Long before the Goodspeed, the Discovery and the Sarah Constant turned their prows into the waters of the James, able English writers were urging upon the nation the absolute necessity for colonial expansion. In 1584 the farseeing Hakluyt pointed out that the recent voyage of Sir Humphrey Gilbert had proved that "pitche, tarr, rosen, sope ashes" could be produced in America in great plenty, "yea, as it is thought, ynoughe to serve the whole realme."[1-8] Captain Christopher Carleill had the previous year made an effort to persuade the Muscovy Company to divert its energies toward America. Why remain under the power of the King of Denmark, he asked, or other princes who "command our shippes at their pleasure," when all the products of the Baltic regions were to be had from unoccupied territories which so easily could be placed under the English flag?

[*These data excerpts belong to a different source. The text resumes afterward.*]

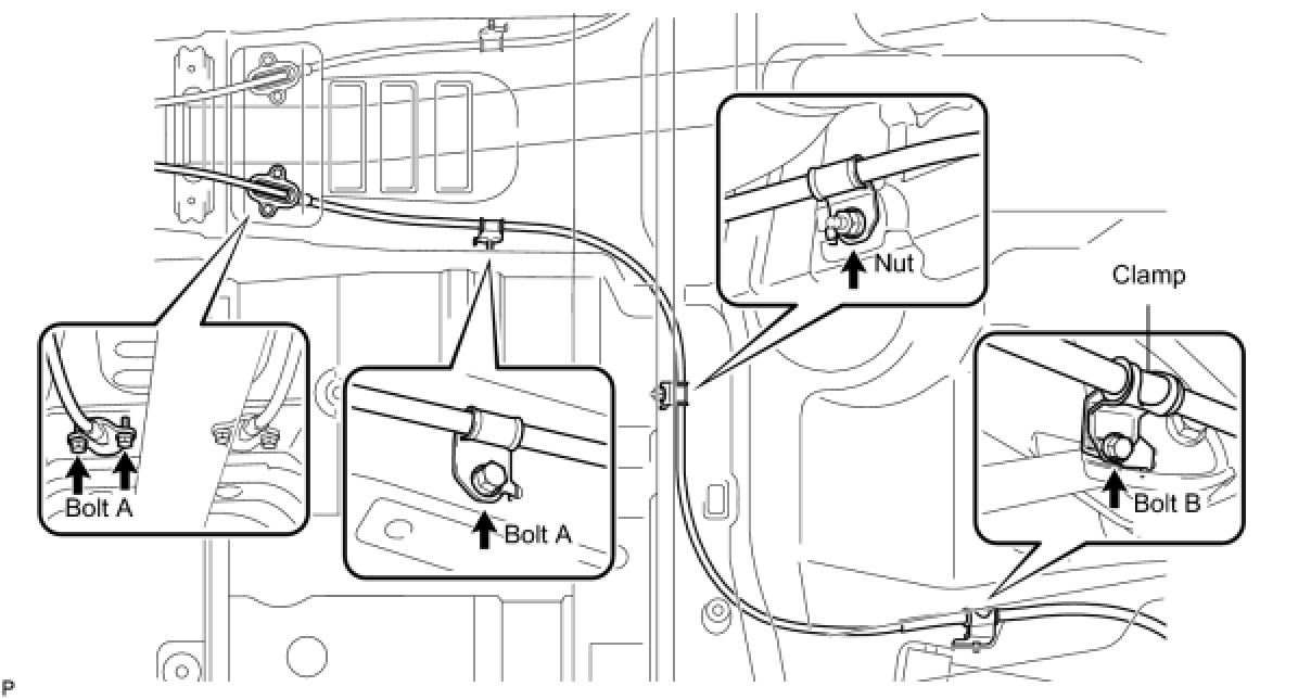 (c) Install the parking brake cable assembly No.3 with the bolts, nut and clamp as shown in the illustration.
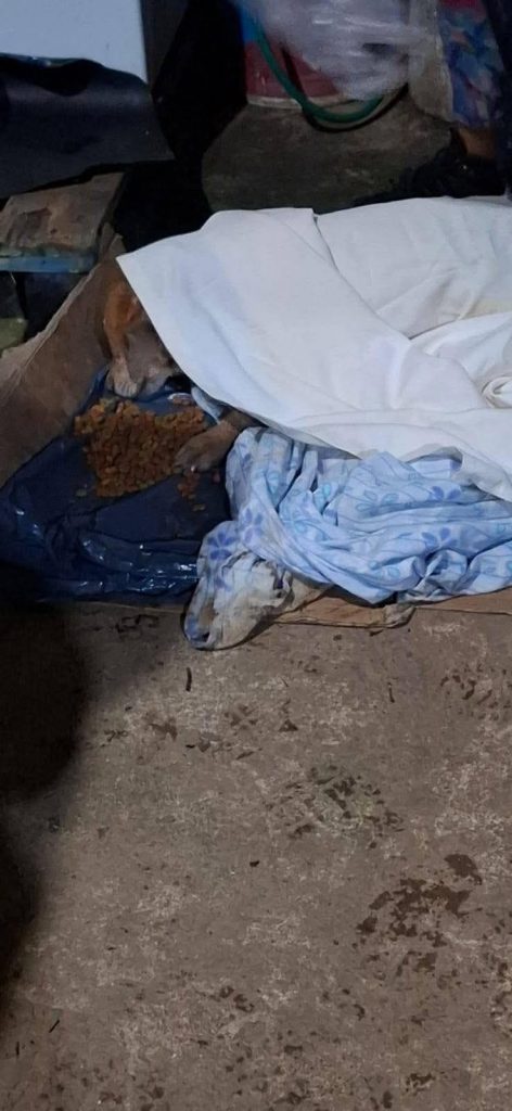 Tras el rescate, el animal presentaba hipotermia por el agua y el frío, pero ahora se encuentra alimentado y bajo el cuidado de una vecina solidaria que le brinda abrigo y cariño.
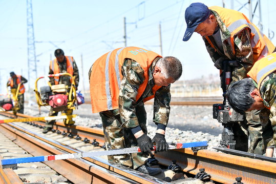 近日,大秦铁路进入春季检修阶段,中国铁路太原局集团有限公司大同工务段的工人们加紧施工,确保列车的安全运行。
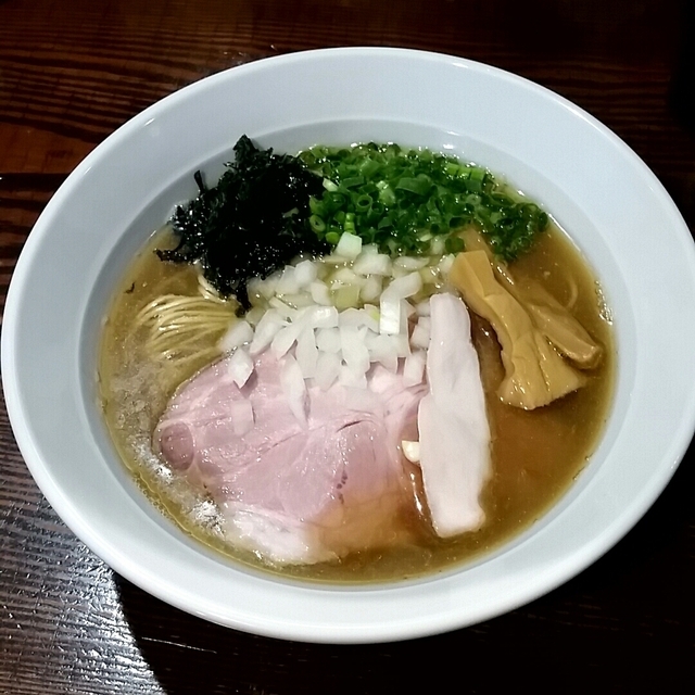 ⚫芳醇煮干そば醤油 780円 スープは、煮干しがきいているが、 アッサリ系の味。 麺は、細麺ストレート。 ややかためで、かみごたえあり。 トッピングには、やわらかチャーシュー。 その他、ネギ、のり、メンマなど。
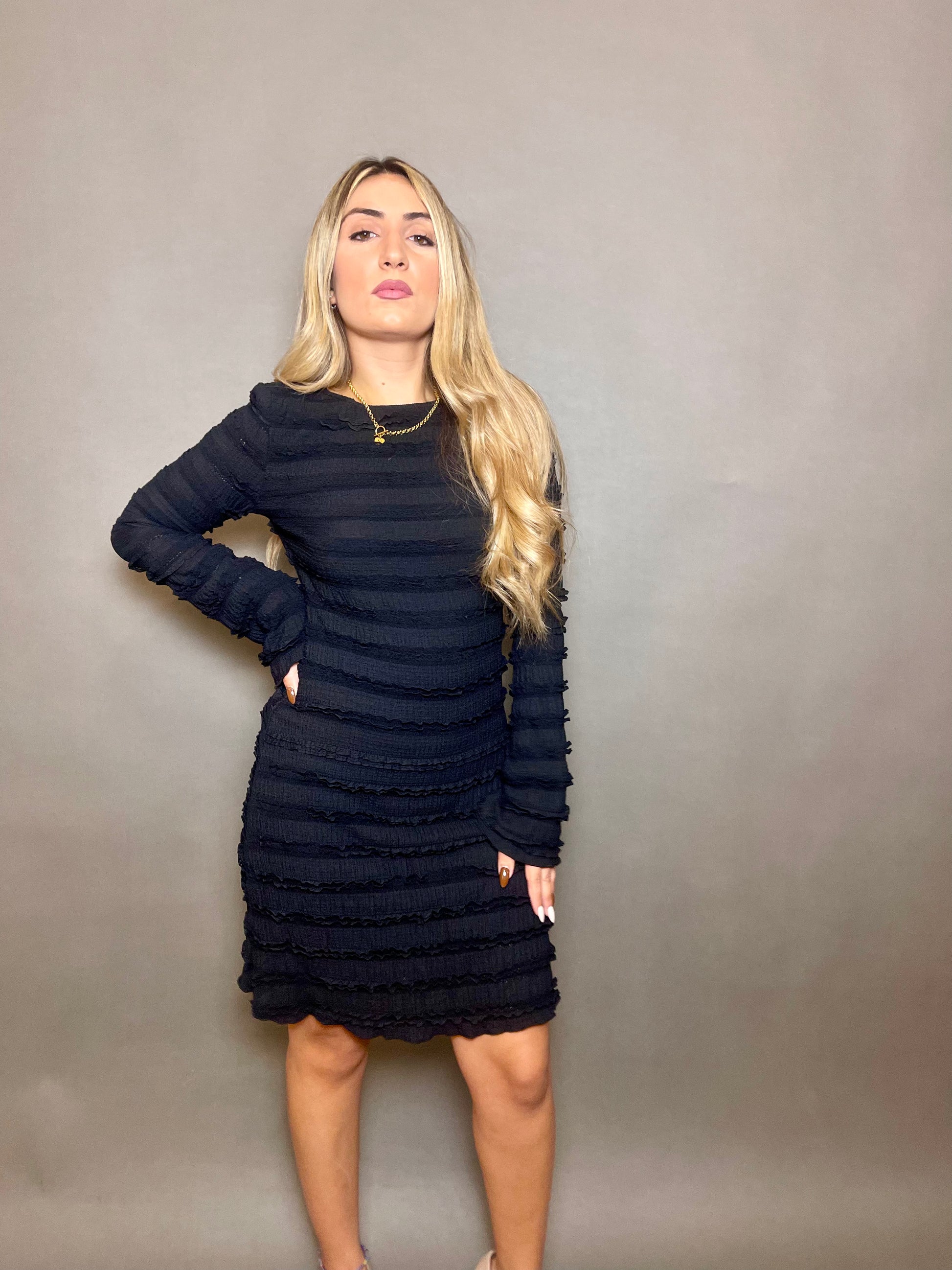 Abito raffinato con scollo sulla schiena, morbido e maniche a sbuffo.
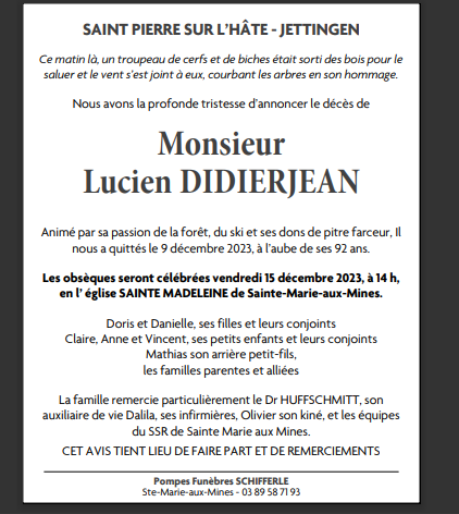 Décédé à Sainte-Marie-aux-Mines (68160, France) le samedi 9 décembre 2023 à l'âge de 91 ans
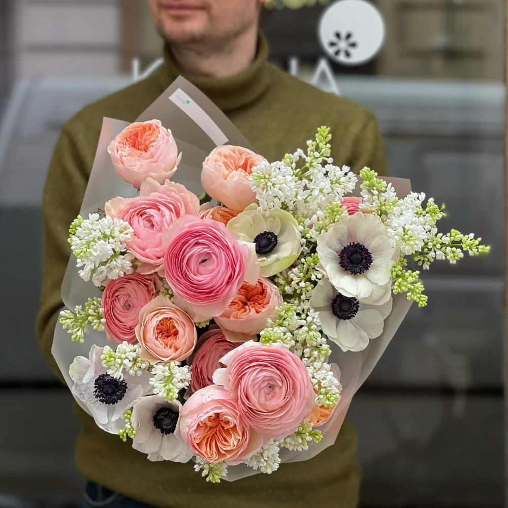 Цветы: Ранунклюс, Анемон, Роза пионовидная, Сирень
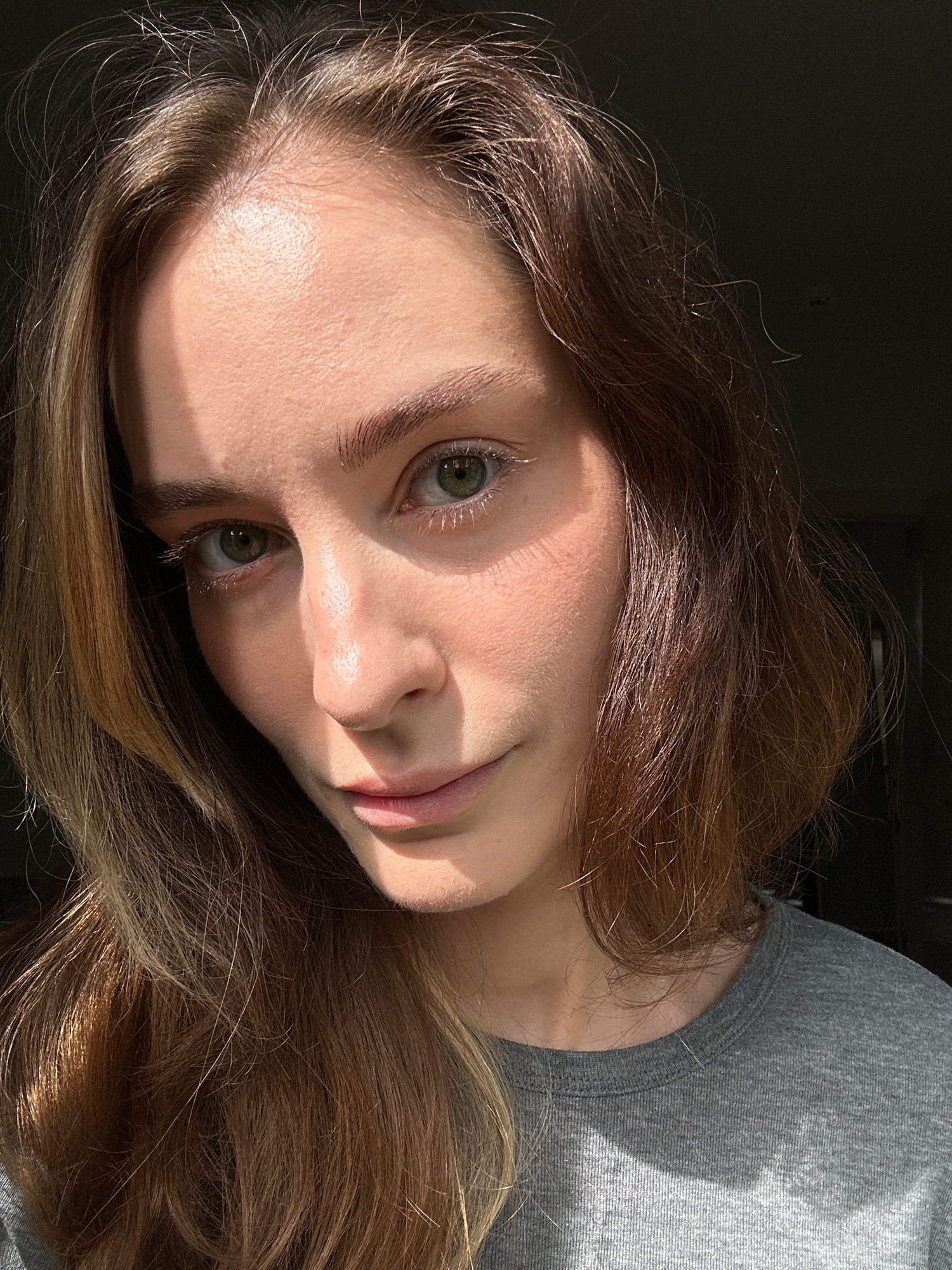 The media file presents a close-up, angled portrait of a person, likely a young adult, predominantly featuring their head and upper torso. The image is rotated, with the person's head tilted significa…read more
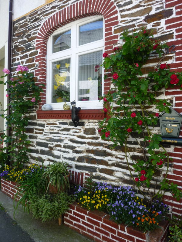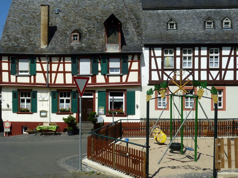 Zurück ins Städtchen. Neben den vielen beschaulichen Details machen auch die fein heraus geputzten Fachwerkhäuser auf sich aufmerksam und laden den Besucher zum Verweilen und betrachten ein. Dazwischen eröffnen sich immer wieder fantastische Ausblicke auf die Weinberge, die sich über fünf Seitentäler bis in die waldbedeckten Hügel des Hunsrücks ziehen

It has often been taken for granted that the statesmen and merchants of three centuries ago pursued always a mistaken and shortsighted economic policy. John Fiske assures us that even at the close of the Eighteenth century the barbarous superstitions of the Middle Ages concerning trade between nations still flourished with scarcely diminished vitality. Yet it requires but a cursory study of the theories and arguments of the Elizabethan economists to realize that they were men of ability and vision, that they knew what was needed and how to procure it, that they were nearer right than many have supposed. In fact, they acted upon sound economic principles a century and a half before Adam Smith formulated and expounded them.
These men realized keenly that England's safety demanded a larger measure of economic independence and they pointed out what seemed to be the only available means of securing it. Since her forests upon which her prosperity in the past had been so largely based, were nearing the point of exhaustion, she must expand to embrace new lands where the virgin growth of trees stood untouched. If this is barbarous, then the recent efforts of Italy to gain an independent coal supply, of Great Britain to get control of various oil fields, of the United States to build up a dye industry, are all likewise barbarous. In fact the world today in matters of economic policy has by no means gotten away from the conceptions of the men whose able writings cleared the way for the beginning of the British colonial empire.
But it must not be supposed that England in this matter was concerned only for her supply of naval stores, potash and pig iron. There were other products, not so vital it is true, but still important, which she was forced to seek abroad. From the south of Europe came salt, sugar, wine, silk, fruits; from the Far East saltpetre and dyes, together with spices for making palatable the winter's stock of food; from Holland came fish, from France wine and silk. And as in the Baltic, so elsewhere the merchants of London and Bristol and Plymouth found their activities resented and their efforts blocked and thwarted.